▶ Work order
Return the full listing character for character, without its pictures.

▶ Provided data
┌──
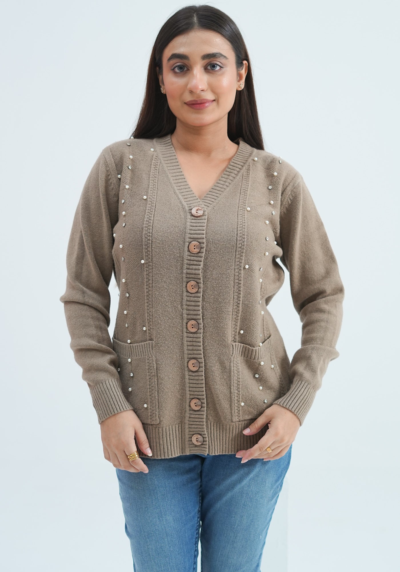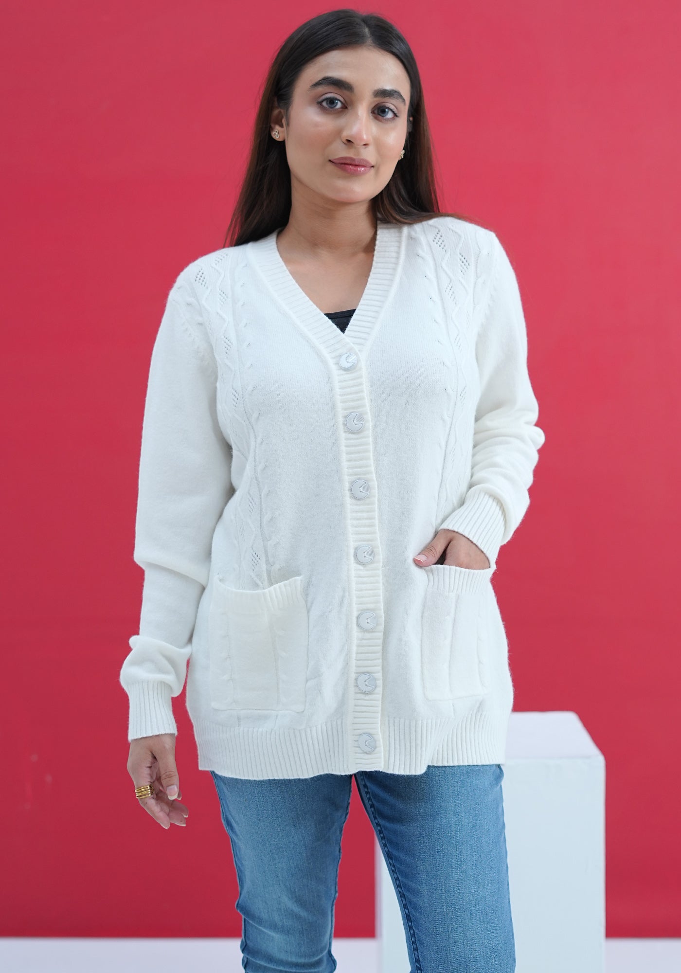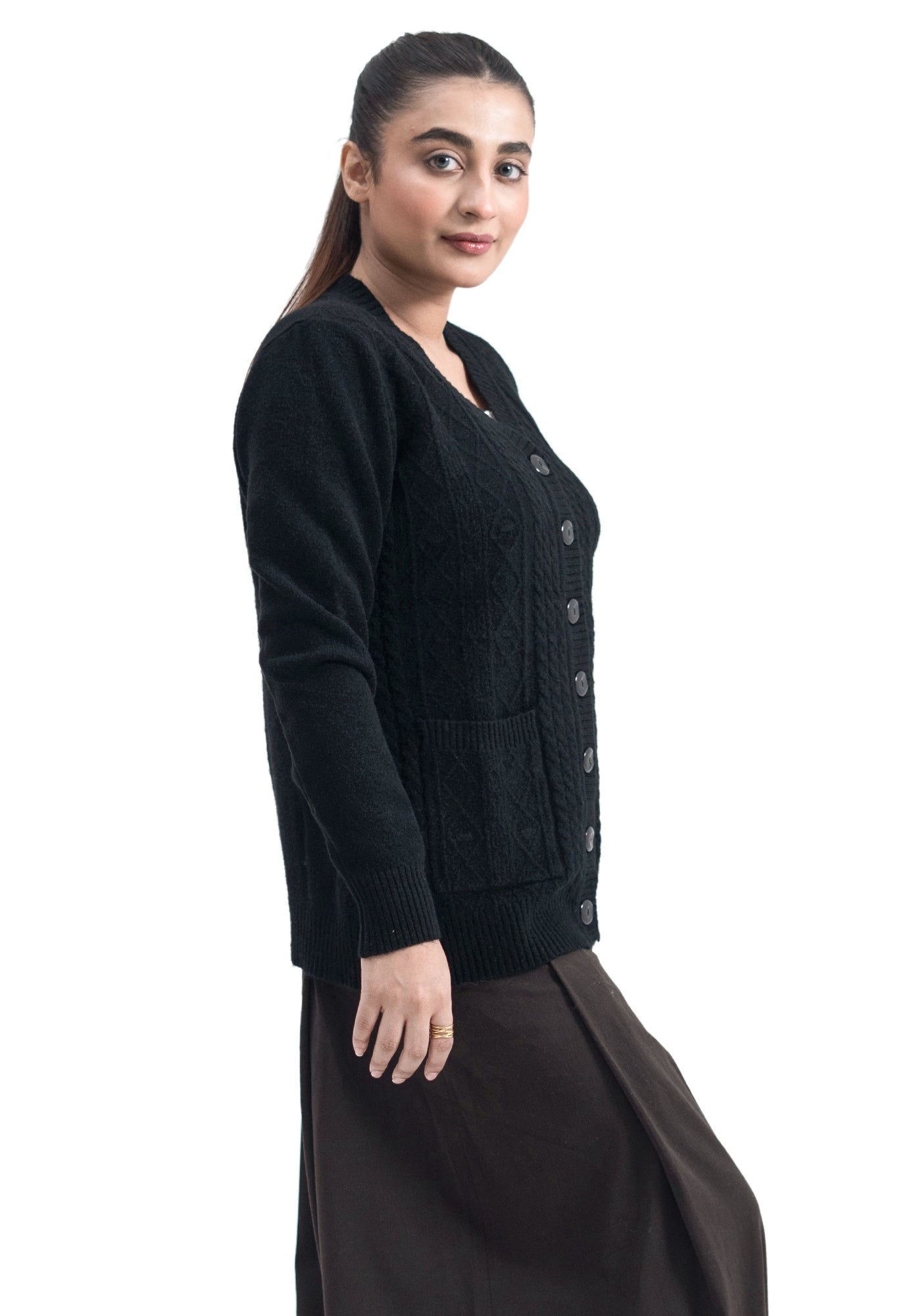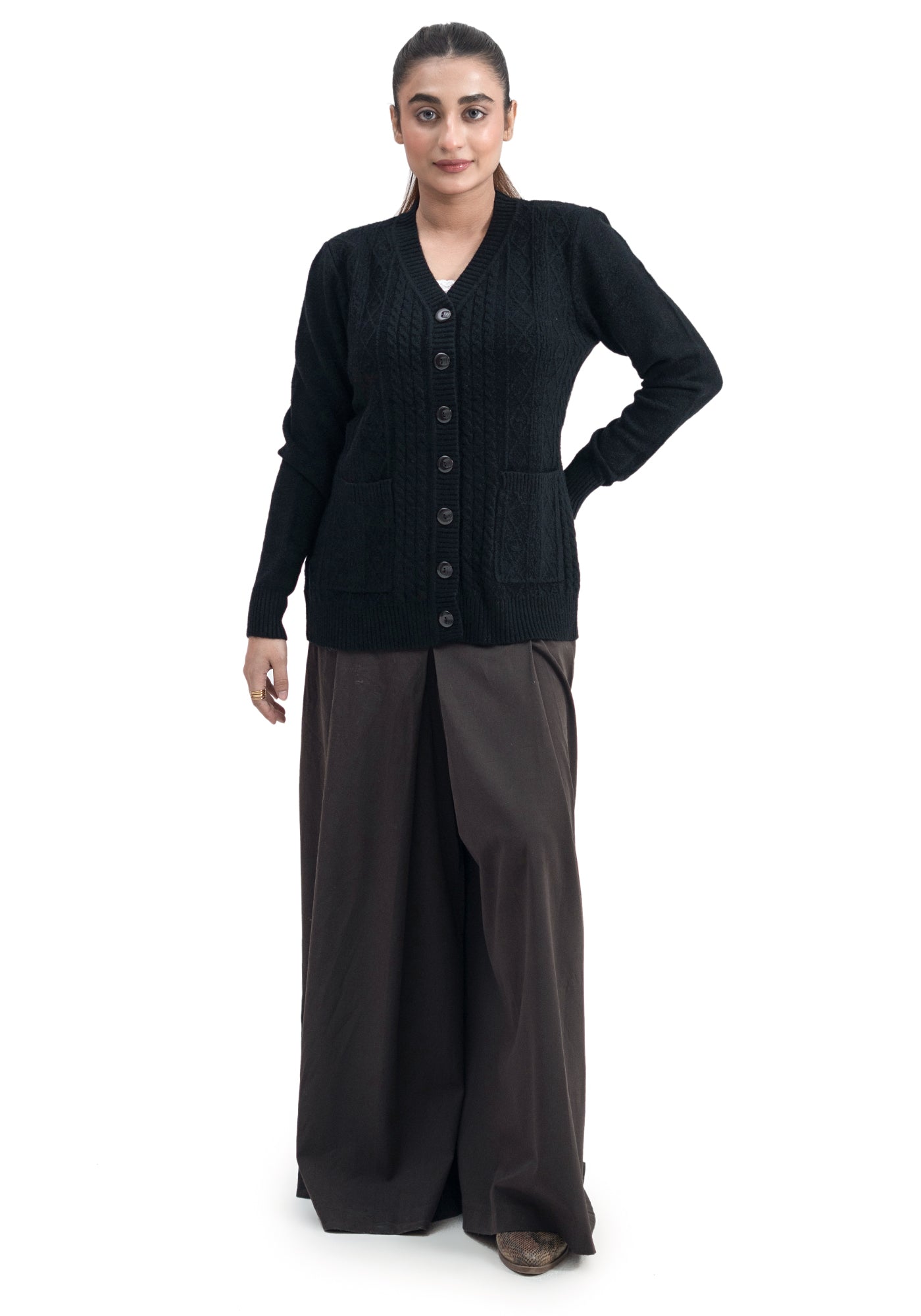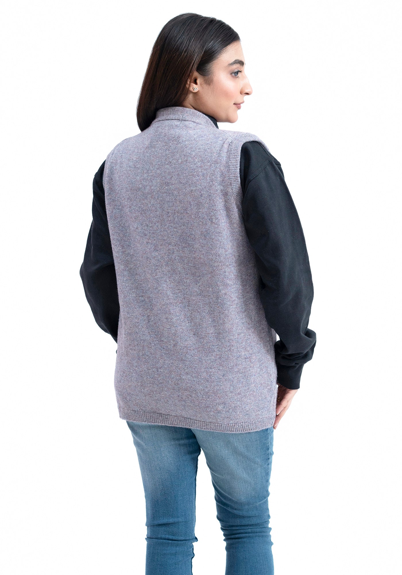 Acrylic Wool Petrol Sleeve Less Cardigan
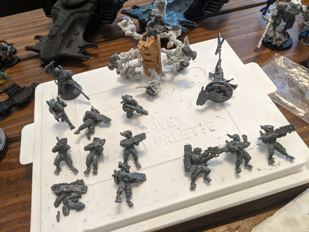 My first task was to build. That meant assembling new Breachers and suits of varying sizes and figuring out painting and storage solutions for everything. Going from a skirmish game to one where I'd be fielding 60+ models certainly required a commitment to differently scaled solutions for painting, storage, and transport. The scale of work is not something I was looking forward to, but painting legions of ITD terrain for tournaments has given me some helpful experience on the matter.
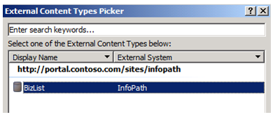 After clicking the External List button, you will be prompted to pick from a list of existing ECTs. In the previous blog, we created BizList, so that is what we will select (Fig 2).
└──
▶ Answer to this problem
 Acrylic Wool Petrol Sleeve Less Cardigan
 My first task was to build. That meant assembling new Breachers and suits of varying sizes and figuring out painting and storage solutions for everything. Going from a skirmish game to one where I'd be fielding 60+ models certainly required a commitment to differently scaled solutions for painting, storage, and transport. The scale of work is not something I was looking forward to, but painting legions of ITD terrain for tournaments has given me some helpful experience on the matter.
 After clicking the External List button, you will be prompted to pick from a list of existing ECTs. In the previous blog, we created BizList, so that is what we will select (Fig 2).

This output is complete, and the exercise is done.